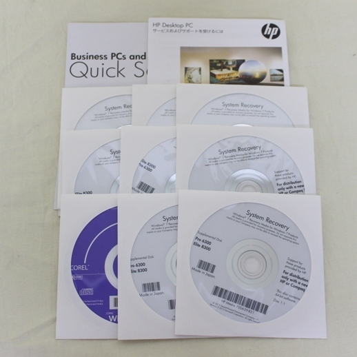 - 中古品 HP 8300 Elite 6300 Pro用◆リカバリディスク Windows7 32bit・64bit 9枚セット [取扱説明書付] 「HP 03 ⑱」
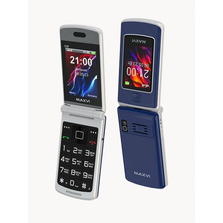 Смартфон MAXVI E28 Blue в синем цвете — это стильное и практичное устройство для связи и развлечений. Благодаря раскладному корпусу и пластиковому материалу он не только удобен в использовании, но и отличается прочностью.
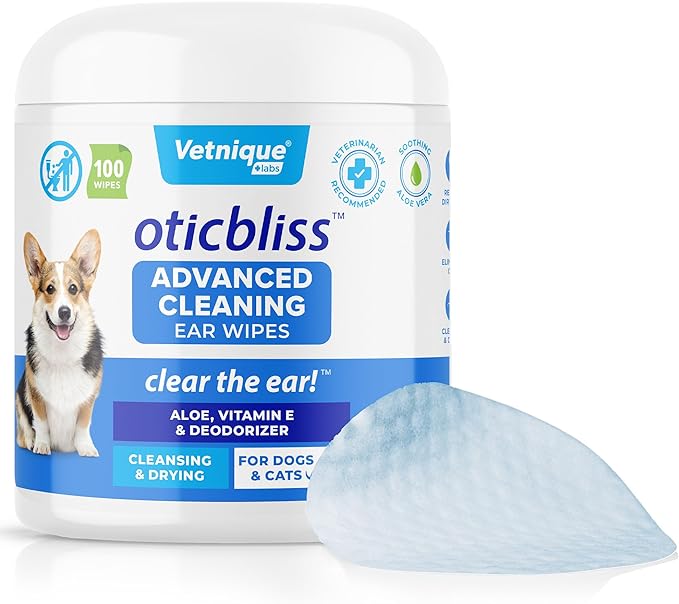 VETNIQUE Oticbliss Advanced Cleaning Ear Wipes for Dogs & Cats for Odor Control, Dirt and Wax Removal with Soothing Aloe Vera, Drying Agent and Vitamin E, Clear the Ear 100ct Wipes
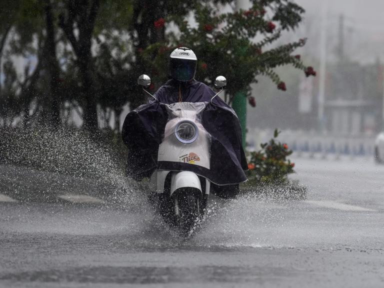 A citizen rides amid heavy rainfall in Beihai City, south China's Guangxi Zhuang Autonomous Region, June 14, 2025.
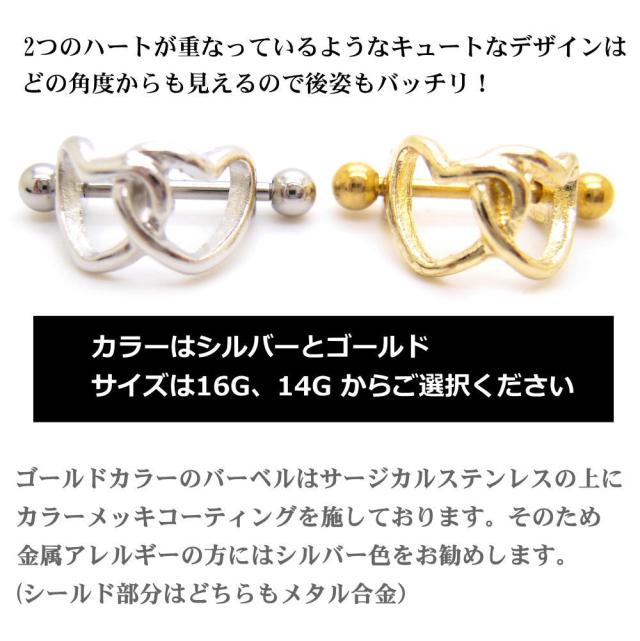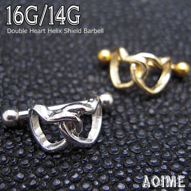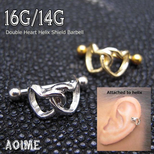 ダブルハート ヘリックス シールドバーベル 14G 16G ボディピアス バーベル ステンレス 軟骨ピアス bp1500
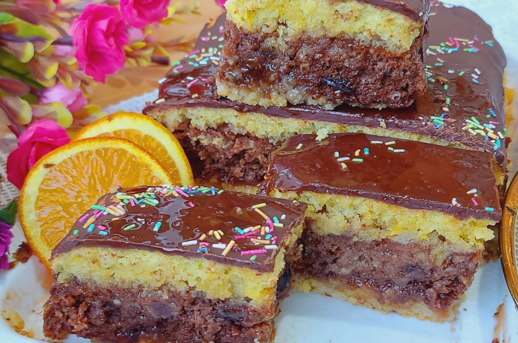 Na njega dodati tamni deo (njega ne seći) preliti sokom i premazati džemom i staviti drugi svetli deo. Dobro pritisnuti rukama. Preliti čokoladom i ostaviti u frižider par sati..
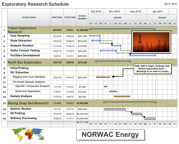 This schedule provides a top-level view of the major phases involved with exploratory energy research. Budgetary expenditures are also displayed. Formatted for easy export to Keynote or PowerPoint.
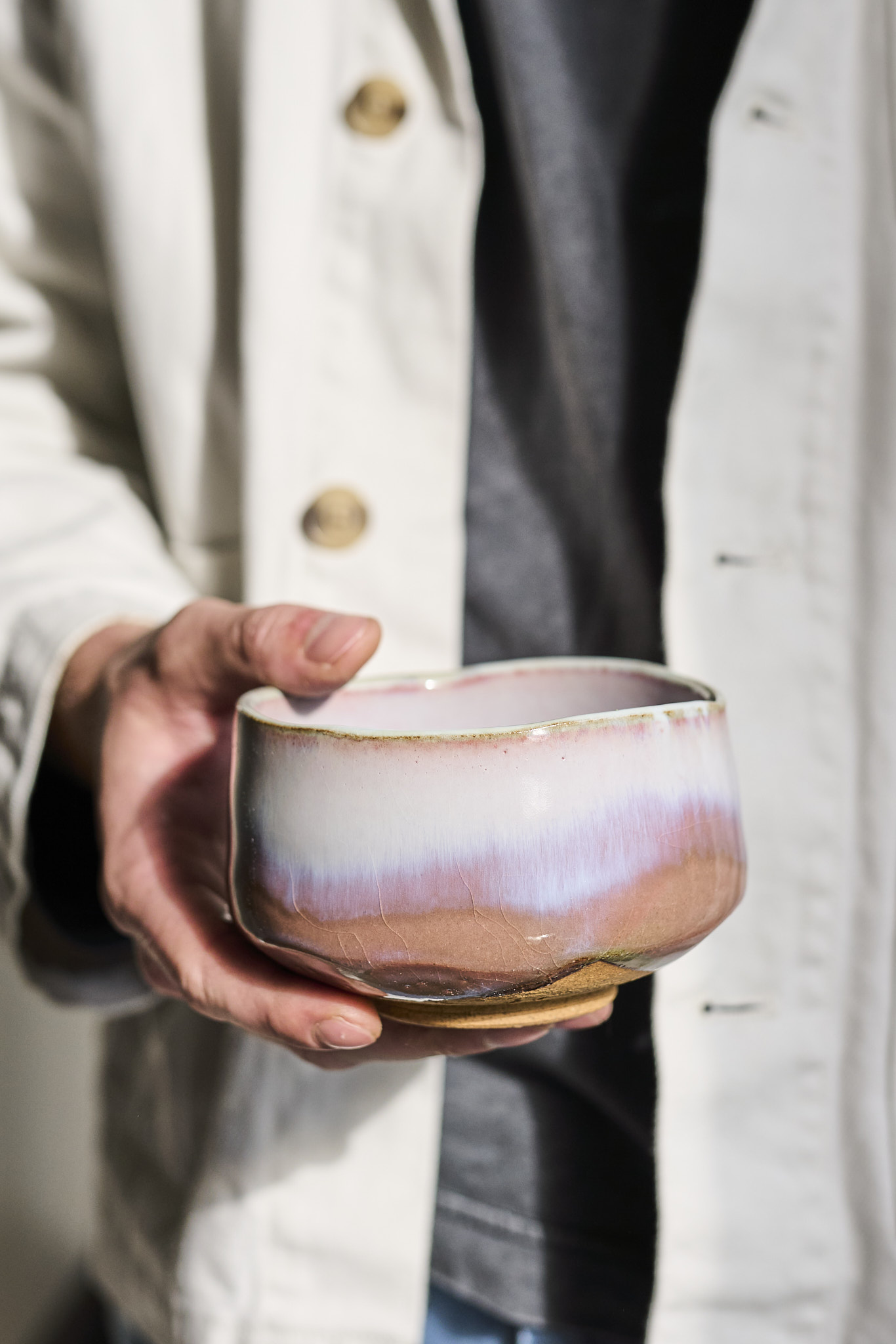 Matchawan Kinbo to unikalne naczynie do picia matchy o nieregularnych brzegach i przenikających się nawzajem kolorach. Wyłaniający się z brązu zimny błękit przypomina mgłę lub nieziemski pył.
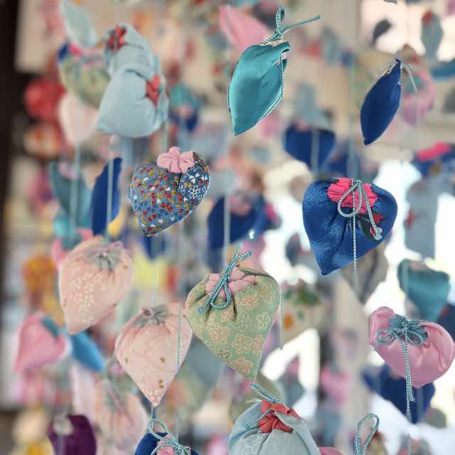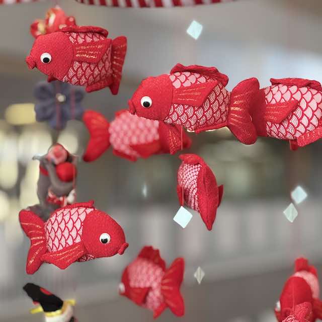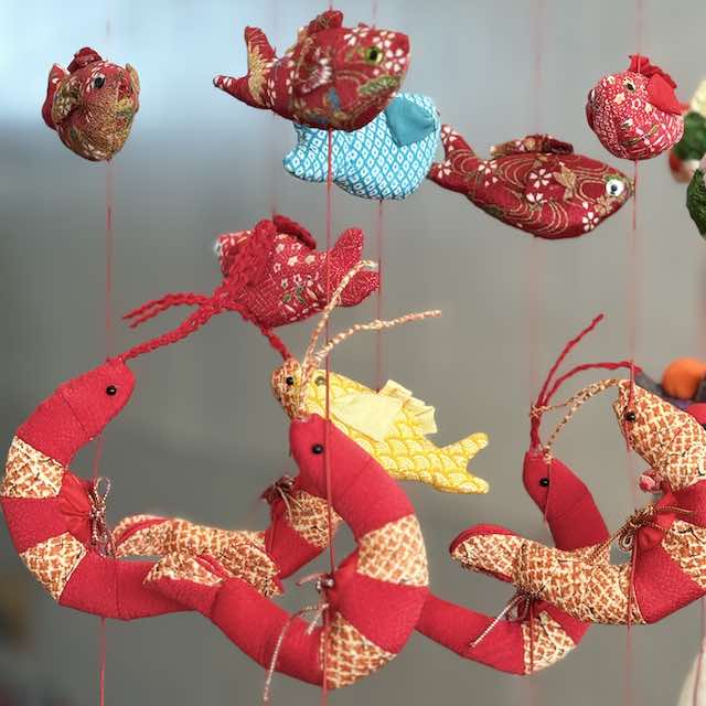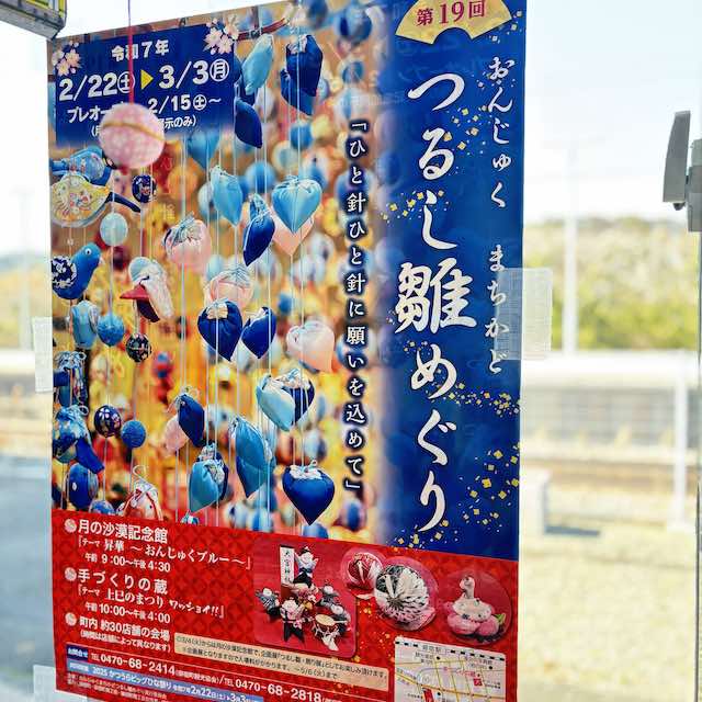 勝浦をひと通り満喫した後は電車で隣駅の御宿へ移動。ここでも「つるし雛めぐり」が開催されており、手作りの吊るし飾りが町のいたるところに飾られていました。
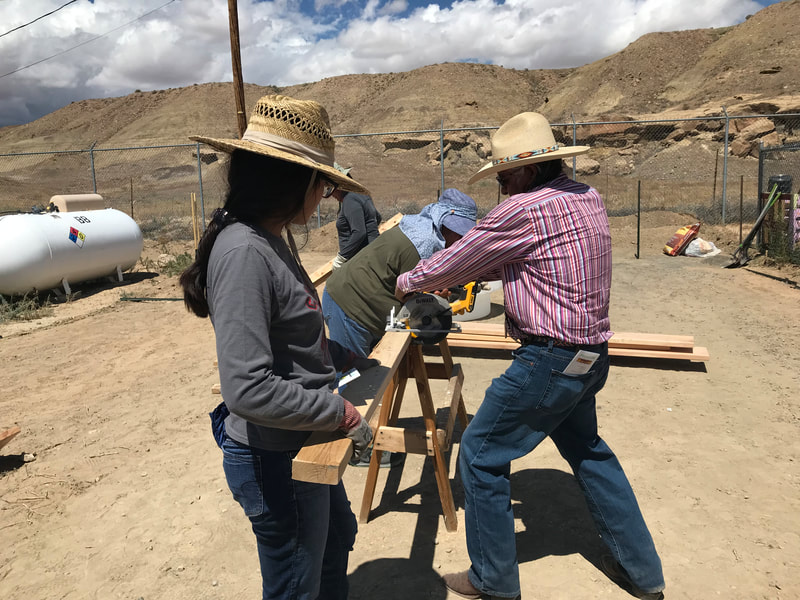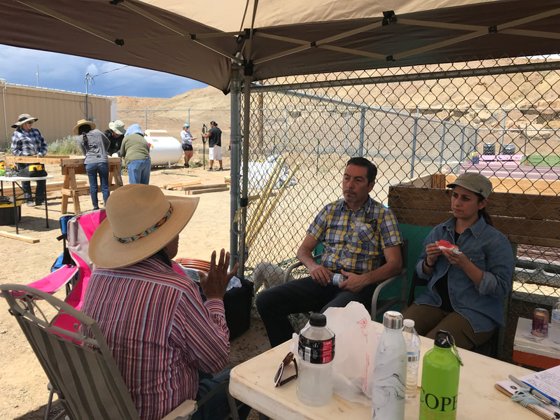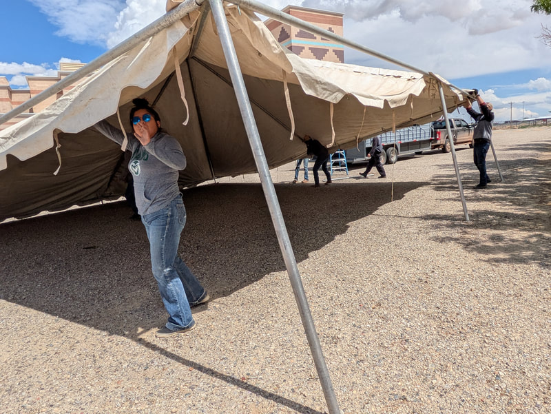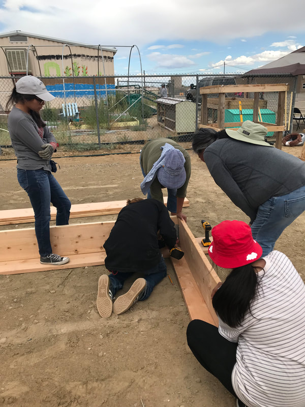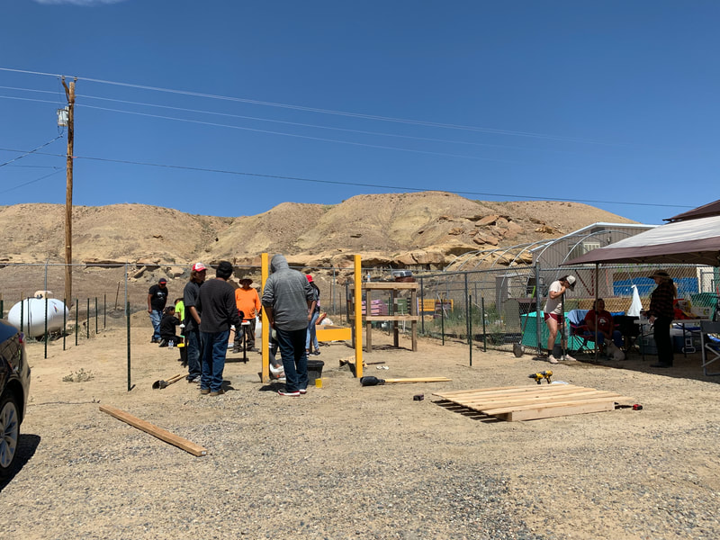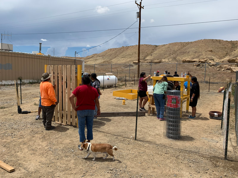 Alongside parents, grandparents, CYSHCN students and other students, school staff and members of the Newcomb community, Hazel and Megan helped assemble the water tower, gate, and garden beds and set up the food area to feed almost 30 participants each day with San Juan Collaborative for Health Equity, Newcomb Chapter, COPE from Gallup, DCRE, Iina Baa Hozho, and the McCune Charitable Foundation. Iina Baa Hozho spearheaded gardening using traditional methods and knowledge two years ago in support of Newcomb child wellness following a wellness crisis among the community's school-age children.
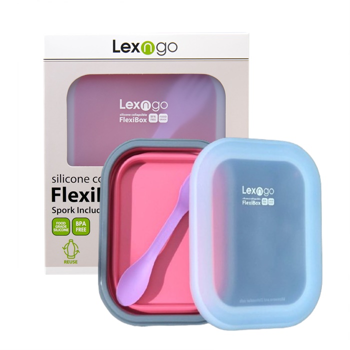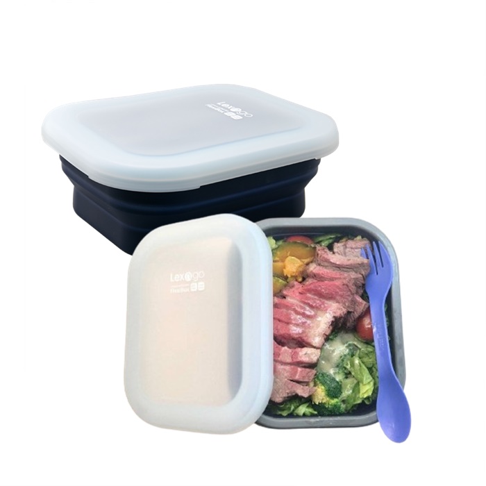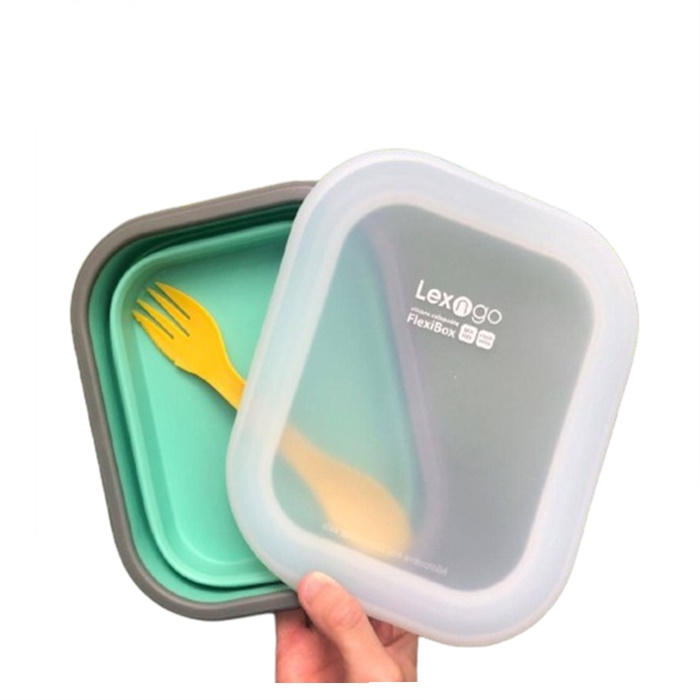Sederhana Kotak Flexi Boleh Dilipat Silikon dengan Spork
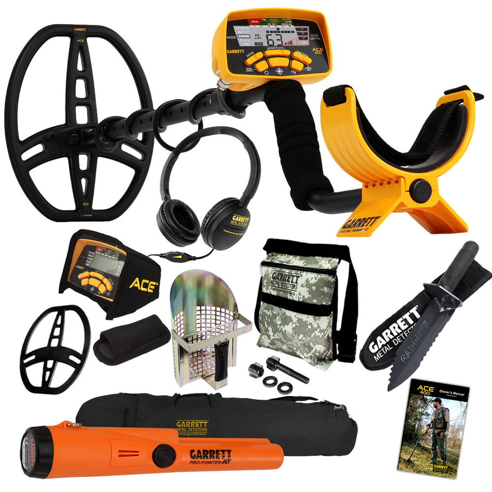 Garrett ACE 400 Metal Detector with 8.5″ x 11″ PROformance DD Waterproof Submersible Search Coil, Pro-Pointer AT, Coil Cover, ClearSound Headphones, Garrett ACE Environmental Cover Up, Garrett Carry Bag, Garrett Edge Digger, Camo Finds Bag, Metal Sand Scoop, Batteries and a Two-Year Warranty.
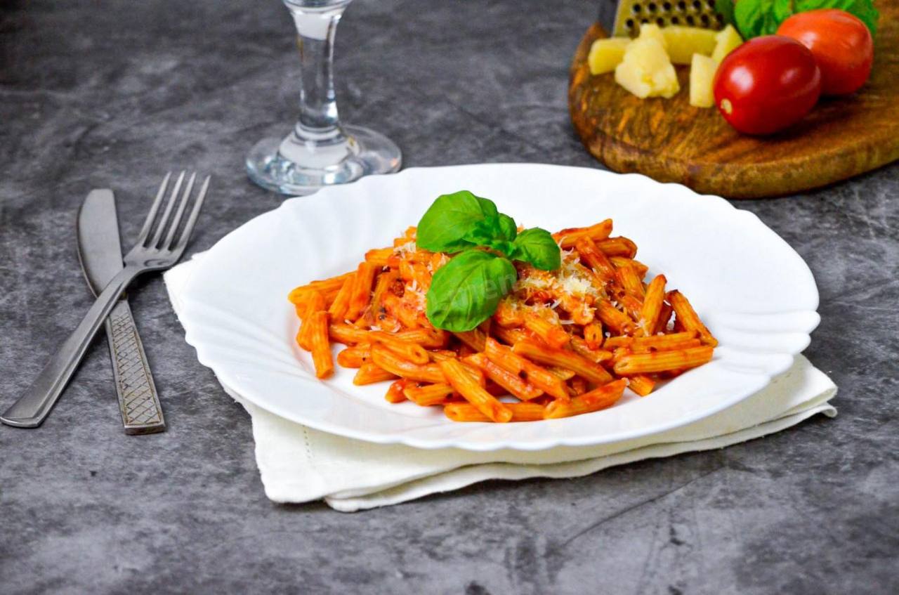 6. Пенне отварите до готовности в кипящей подсоленной воде, откиньте на дуршлаг.
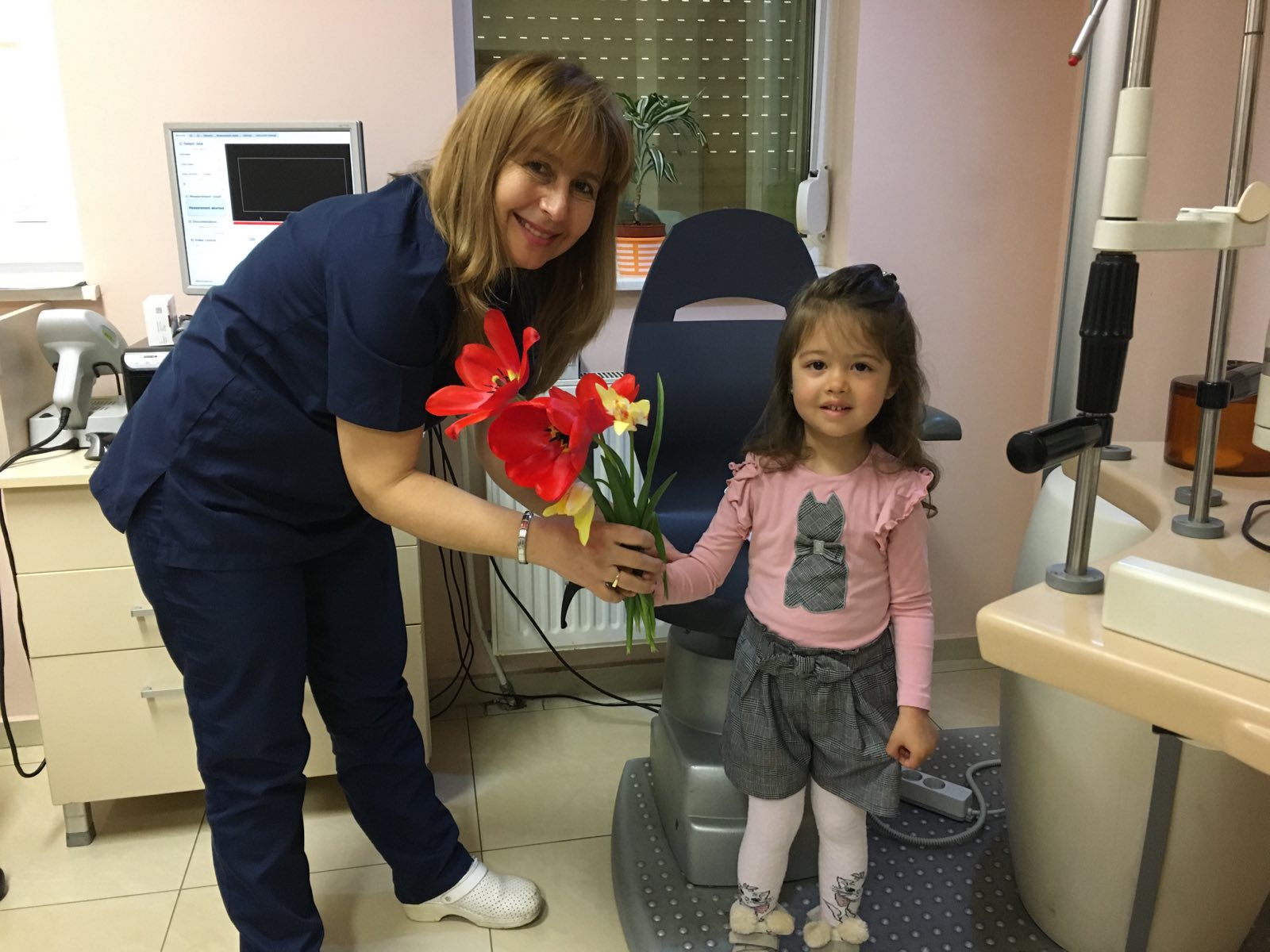 Поради тази причина в бебешка възраст не можем да говорим за изследване на зрителна острота. Незаменим „помощник“ в тази насока е високотехнологичният детски авторефрактометър, с който клиниката разполага, и благодарение на който ние, детските офталмолози, измерваме с голяма точност рефракцията на детето, т.е. има ли късогледство, далекогледство, астигматизъм и се ориентираме за бъдеща нужда от очила.
____________
**YOUR OBJECTIVE:** Line by line, output the material above exactly, passing over the pictures.

**EXPECTED OUTPUT:**
 - 中古品 HP 8300 Elite 6300 Pro用◆リカバリディスク Windows7 32bit・64bit 9枚セット [取扱説明書付] 「HP 03 ⑱」
 Смартфон MAXVI E28 Blue в синем цвете — это стильное и практичное устройство для связи и развлечений. Благодаря раскладному корпусу и пластиковому материалу он не только удобен в использовании, но и отличается прочностью.
 VETNIQUE Oticbliss Advanced Cleaning Ear Wipes for Dogs & Cats for Odor Control, Dirt and Wax Removal with Soothing Aloe Vera, Drying Agent and Vitamin E, Clear the Ear 100ct Wipes
 A citizen rides amid heavy rainfall in Beihai City, south China's Guangxi Zhuang Autonomous Region, June 14, 2025.
 ダブルハート ヘリックス シールドバーベル 14G 16G ボディピアス バーベル ステンレス 軟骨ピアス bp1500
 Na njega dodati tamni deo (njega ne seći) preliti sokom i premazati džemom i staviti drugi svetli deo. Dobro pritisnuti rukama. Preliti čokoladom i ostaviti u frižider par sati..
 This schedule provides a top-level view of the major phases involved with exploratory energy research. Budgetary expenditures are also displayed. Formatted for easy export to Keynote or PowerPoint.
 Matchawan Kinbo to unikalne naczynie do picia matchy o nieregularnych brzegach i przenikających się nawzajem kolorach. Wyłaniający się z brązu zimny błękit przypomina mgłę lub nieziemski pył.
 勝浦をひと通り満喫した後は電車で隣駅の御宿へ移動。ここでも「つるし雛めぐり」が開催されており、手作りの吊るし飾りが町のいたるところに飾られていました。
 Alongside parents, grandparents, CYSHCN students and other students, school staff and members of the Newcomb community, Hazel and Megan helped assemble the water tower, gate, and garden beds and set up the food area to feed almost 30 participants each day with San Juan Collaborative for Health Equity, Newcomb Chapter, COPE from Gallup, DCRE, Iina Baa Hozho, and the McCune Charitable Foundation. Iina Baa Hozho spearheaded gardening using traditional methods and knowledge two years ago in support of Newcomb child wellness following a wellness crisis among the community's school-age children.
Sederhana Kotak Flexi Boleh Dilipat Silikon dengan Spork
 Garrett ACE 400 Metal Detector with 8.5″ x 11″ PROformance DD Waterproof Submersible Search Coil, Pro-Pointer AT, Coil Cover, ClearSound Headphones, Garrett ACE Environmental Cover Up, Garrett Carry Bag, Garrett Edge Digger, Camo Finds Bag, Metal Sand Scoop, Batteries and a Two-Year Warranty.
 6. Пенне отварите до готовности в кипящей подсоленной воде, откиньте на дуршлаг.
 Поради тази причина в бебешка възраст не можем да говорим за изследване на зрителна острота. Незаменим „помощник“ в тази насока е високотехнологичният детски авторефрактометър, с който клиниката разполага, и благодарение на който ние, детските офталмолози, измерваме с голяма точност рефракцията на детето, т.е. има ли късогледство, далекогледство, астигматизъм и се ориентираме за бъдеща нужда от очила.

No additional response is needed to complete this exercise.